Живо представив картину, переглядываемся и тихо хихикаем.
— Пусть тот, кто меня плохо знает, спит спокойно. Вдруг еще на что-то сгодится в будущем?
— Хорошо. Давай так, как ты придумала. Потом я на поезде метнусь в столицу, а там по ситуации.
— Нет, родное сердце. Думать про доставку туда/обратно будем после того, как, во-первых, ты успешно зачислишься в Университет, а во-вторых, я разузнаю про возможность рандеву в августе. До этого ты приличная, сидишь дома, учишься и все такое.

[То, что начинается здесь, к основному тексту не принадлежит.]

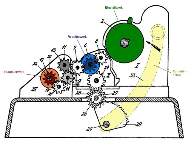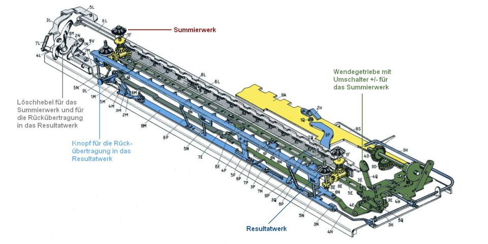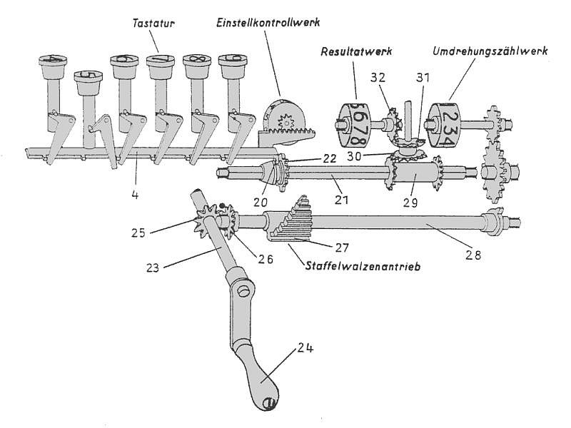 [7] | Wilhelm Lind, "Büromaschinen", C. F. Winter'sche Verlagshandlung, Füssen 1954, Abschnitt C.3.b): "Maschinen mit geteiltem Sprossenrad". |

Лера размышляет пару минут, а после, с тоской поглядев в окно, кивает соглашаясь.
Хмыкаю.
Времени я себе немного выиграла.
За завтраком в среду, когда во мне после бессонной ночи бродят отголоски и отрывки из эротических сцен моего нового романа, которые я писала до шести утра и два литра кофе, я пью кипяток и наблюдаю за дремлющим на подоконнике котом и детьми, поглощающими омлет.
Тигра Второй бдел со мной, урчал, вдохновлял как мог. Утомился, бедняжка. Вкушает заслуженный отдых.
Дочь выглядит лучше, чем после кофе с Сергеем, но не так живо, как мне бы хотелось, хотя я, естественно, потерплю.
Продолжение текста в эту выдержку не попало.